== DATA SECTION ==

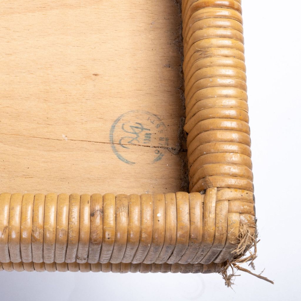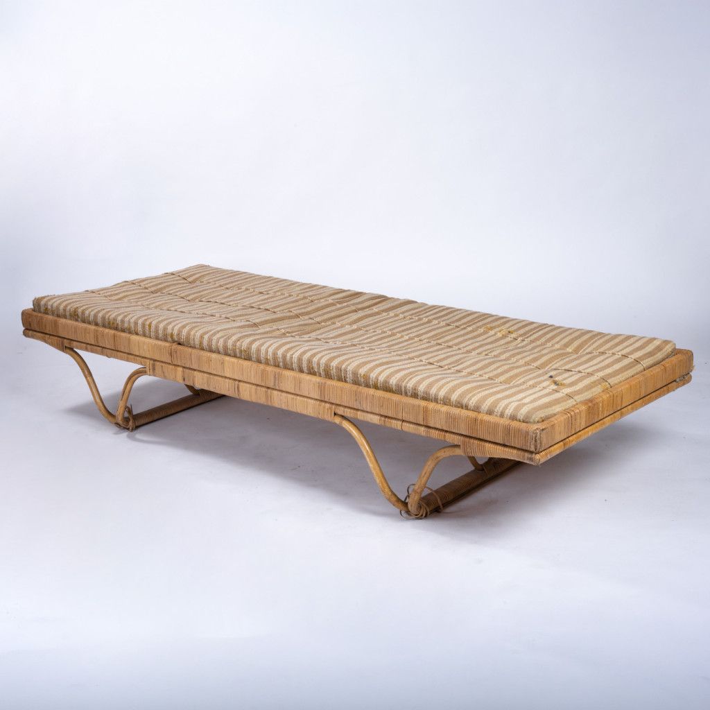 Dřevěné lehátko s konstrukcí z bambusu, ratanu a překližky. Kombinace materiálů vytváří lehký, přírodní vzhled. U jedné nohy je částečně rozpletené ratanové omotání, povrch nese známky opotřebení v podobě popraskaného a místy odlupujícího se laku. Součástí je velký polštář určený k sezení.
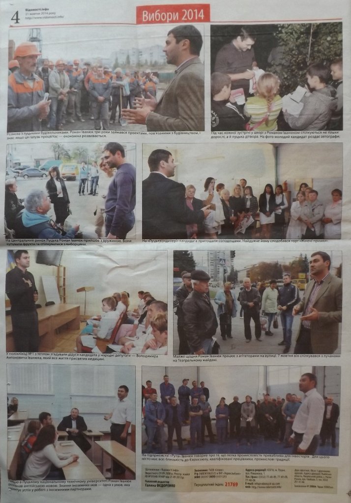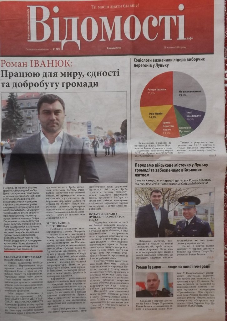 Спецвипуск газети “Відомості.інфо” за 21 жовтня присвячений загалом кандидату в народні депутати, який балотується по одномандатному виборчому округу № 22 від Блоку Петра Порошенка Роману Іванюку.
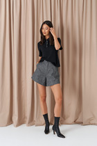 Шорты свободного кроя выполнены из ткани графитового цвета. Характеристики: прямой крой, брендированная подкладка, пояс стабильный, застежка молния пуговичка, боковые карманы. Длина по боковому шву - 37 см.
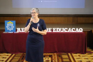 “O objetivo do nosso seminário é refletir as demandas os desafios que a inclusão nos traz para trabalharmos de forma colaborativa entre professores, equipes administrativas e também somáramos na direção de fazer da escola um espaço acolhedor e inclusivo em todas as unidades, e com todos os que se dirigem a nós. É acolher e ao mesmo em que se acolhe, educar.”, disse.
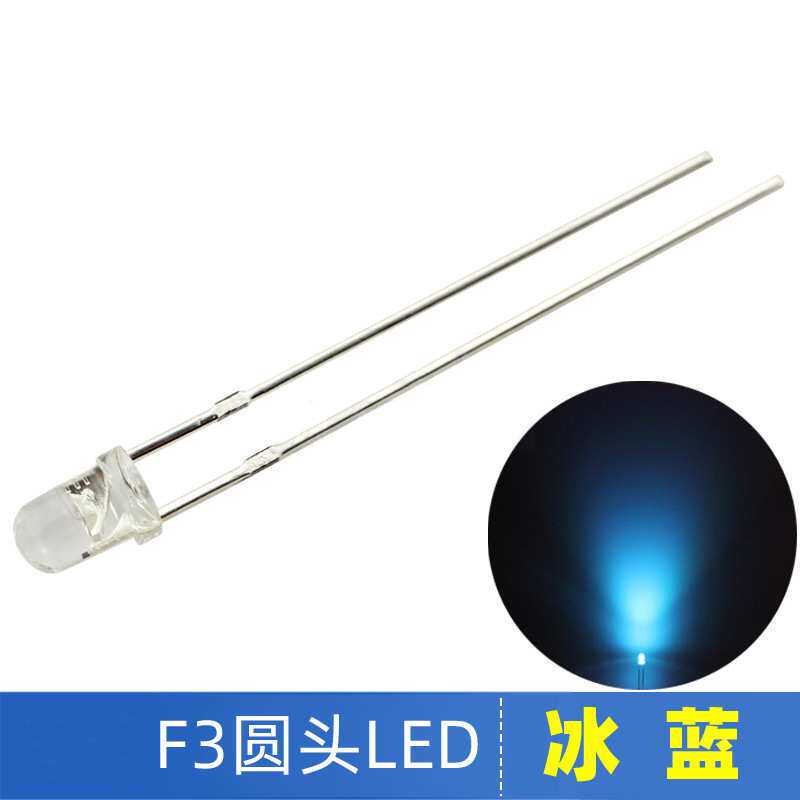 F3高亮LED圆头冰蓝色led灯珠长脚冰蓝光源3mm发光二极管汽车装饰
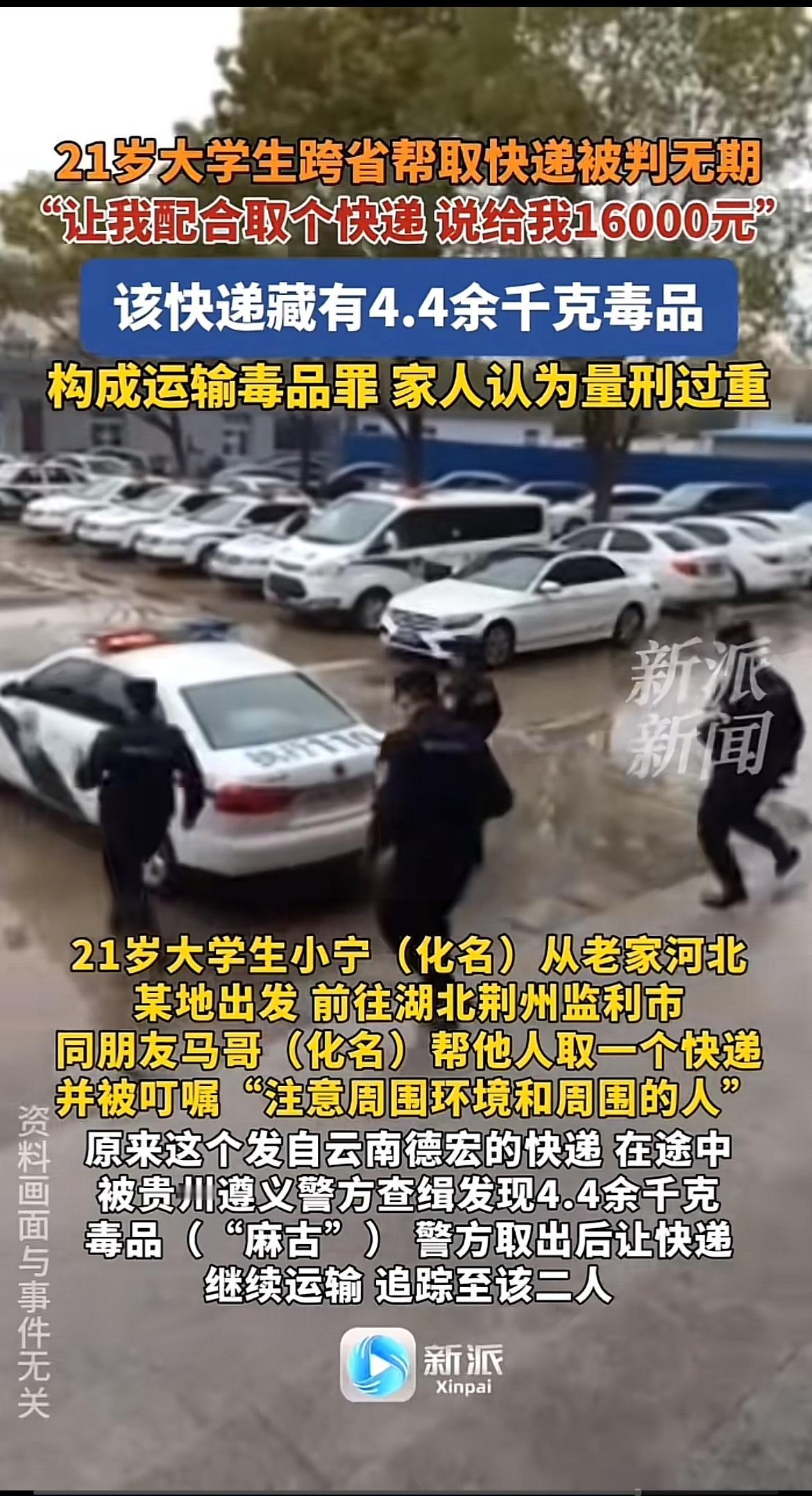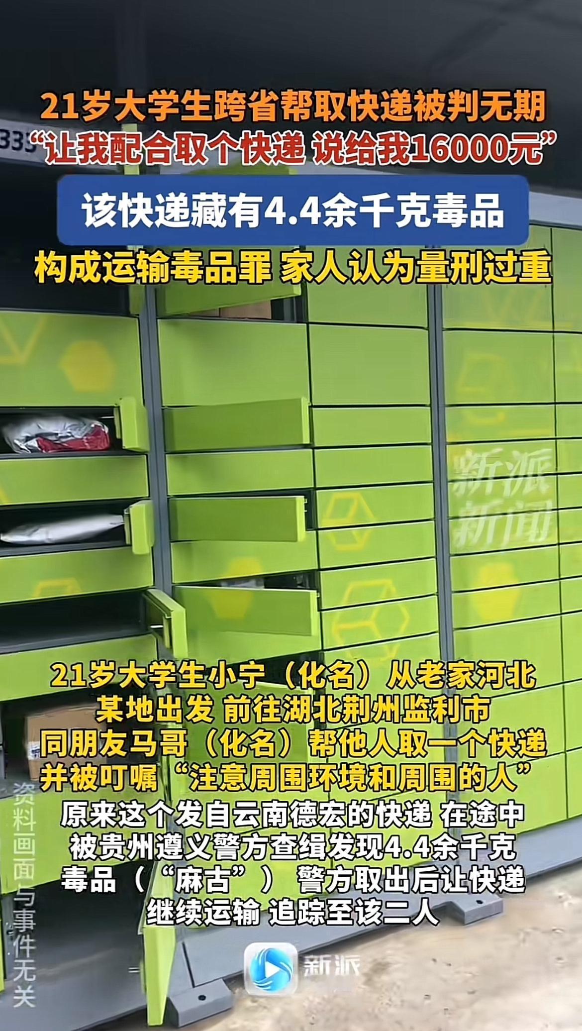 21岁大学生小宁帮人跨省取快递,结果被判无期徒刑,这事儿可太让人唏嘘了。2020年12月,他从河北跑到湖北取快递,和朋友马哥打车送件时被抓,快递里藏着4.4余千克“麻古”。历经多次审判,小宁和马哥分别获刑无期和死缓。 小宁家属觉得量刑过重,已向最高院申诉,理由是他家境优渥,没必要为钱冒险,且他不知快递有毒品。但法学专家说了,运输毒品罪在途中被查获也算既遂。这事儿也给咱提了个醒,遇到异常情况,可千万别存侥幸心理啊。

===

## WORK INSTRUCTION
Exact lines only, please. Repeat everything from the top of the records through the line containing "Шорты свободного кроя", both ends in and pictures out.

## EXERCISE SOLUTION
 Dřevěné lehátko s konstrukcí z bambusu, ratanu a překližky. Kombinace materiálů vytváří lehký, přírodní vzhled. U jedné nohy je částečně rozpletené ratanové omotání, povrch nese známky opotřebení v podobě popraskaného a místy odlupujícího se laku. Součástí je velký polštář určený k sezení.
 Спецвипуск газети “Відомості.інфо” за 21 жовтня присвячений загалом кандидату в народні депутати, який балотується по одномандатному виборчому округу № 22 від Блоку Петра Порошенка Роману Іванюку.
 Шорты свободного кроя выполнены из ткани графитового цвета. Характеристики: прямой крой, брендированная подкладка, пояс стабильный, застежка молния пуговичка, боковые карманы. Длина по боковому шву - 37 см.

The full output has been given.